What to do: Gather all lines in the entries that include the word "oder".

*** Input material Section Begins ***

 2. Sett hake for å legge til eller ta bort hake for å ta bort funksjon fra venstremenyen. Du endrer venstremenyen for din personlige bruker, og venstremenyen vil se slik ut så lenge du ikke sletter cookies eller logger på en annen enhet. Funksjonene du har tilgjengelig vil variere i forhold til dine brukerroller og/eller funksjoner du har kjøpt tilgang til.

*** Input material Section Ends ***
*** Input material Section Begins ***

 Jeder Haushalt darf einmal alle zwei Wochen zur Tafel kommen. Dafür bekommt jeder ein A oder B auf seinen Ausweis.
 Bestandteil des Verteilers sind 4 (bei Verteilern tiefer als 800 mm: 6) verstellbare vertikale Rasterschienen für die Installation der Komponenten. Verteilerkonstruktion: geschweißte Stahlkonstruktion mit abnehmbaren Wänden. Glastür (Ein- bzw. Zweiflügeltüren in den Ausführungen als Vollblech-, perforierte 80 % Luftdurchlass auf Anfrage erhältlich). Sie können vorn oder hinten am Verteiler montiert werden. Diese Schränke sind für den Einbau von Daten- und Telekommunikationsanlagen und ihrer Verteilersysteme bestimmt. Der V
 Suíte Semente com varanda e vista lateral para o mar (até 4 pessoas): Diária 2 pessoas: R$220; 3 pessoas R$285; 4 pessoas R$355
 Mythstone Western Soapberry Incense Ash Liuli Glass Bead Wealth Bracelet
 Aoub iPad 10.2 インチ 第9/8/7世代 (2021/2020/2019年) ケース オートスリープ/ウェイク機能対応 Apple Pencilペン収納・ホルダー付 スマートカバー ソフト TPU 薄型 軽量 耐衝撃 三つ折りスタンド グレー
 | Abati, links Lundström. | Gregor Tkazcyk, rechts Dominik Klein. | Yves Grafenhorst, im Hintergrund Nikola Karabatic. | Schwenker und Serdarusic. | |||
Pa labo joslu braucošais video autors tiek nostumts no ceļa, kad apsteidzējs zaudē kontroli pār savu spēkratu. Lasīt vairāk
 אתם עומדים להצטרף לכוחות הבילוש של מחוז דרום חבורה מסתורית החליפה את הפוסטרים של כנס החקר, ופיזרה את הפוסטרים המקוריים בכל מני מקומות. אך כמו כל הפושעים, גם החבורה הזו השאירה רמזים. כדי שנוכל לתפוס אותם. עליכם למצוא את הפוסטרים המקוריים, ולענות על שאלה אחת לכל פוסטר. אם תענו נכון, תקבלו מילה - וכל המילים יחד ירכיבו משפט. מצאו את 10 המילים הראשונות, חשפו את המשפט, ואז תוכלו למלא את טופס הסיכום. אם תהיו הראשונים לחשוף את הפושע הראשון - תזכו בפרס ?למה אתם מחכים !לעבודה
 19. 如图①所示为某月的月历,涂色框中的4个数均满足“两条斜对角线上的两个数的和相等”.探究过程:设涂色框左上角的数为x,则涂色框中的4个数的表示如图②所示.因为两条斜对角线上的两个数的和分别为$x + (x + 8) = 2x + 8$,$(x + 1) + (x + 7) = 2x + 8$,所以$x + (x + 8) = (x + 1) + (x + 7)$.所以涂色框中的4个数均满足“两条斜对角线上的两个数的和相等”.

*** Input material Section Ends ***

Exercise result:
 Jeder Haushalt darf einmal alle zwei Wochen zur Tafel kommen. Dafür bekommt jeder ein A oder B auf seinen Ausweis.
 Bestandteil des Verteilers sind 4 (bei Verteilern tiefer als 800 mm: 6) verstellbare vertikale Rasterschienen für die Installation der Komponenten. Verteilerkonstruktion: geschweißte Stahlkonstruktion mit abnehmbaren Wänden. Glastür (Ein- bzw. Zweiflügeltüren in den Ausführungen als Vollblech-, perforierte 80 % Luftdurchlass auf Anfrage erhältlich). Sie können vorn oder hinten am Verteiler montiert werden. Diese Schränke sind für den Einbau von Daten- und Telekommunikationsanlagen und ihrer Verteilersysteme bestimmt. Der V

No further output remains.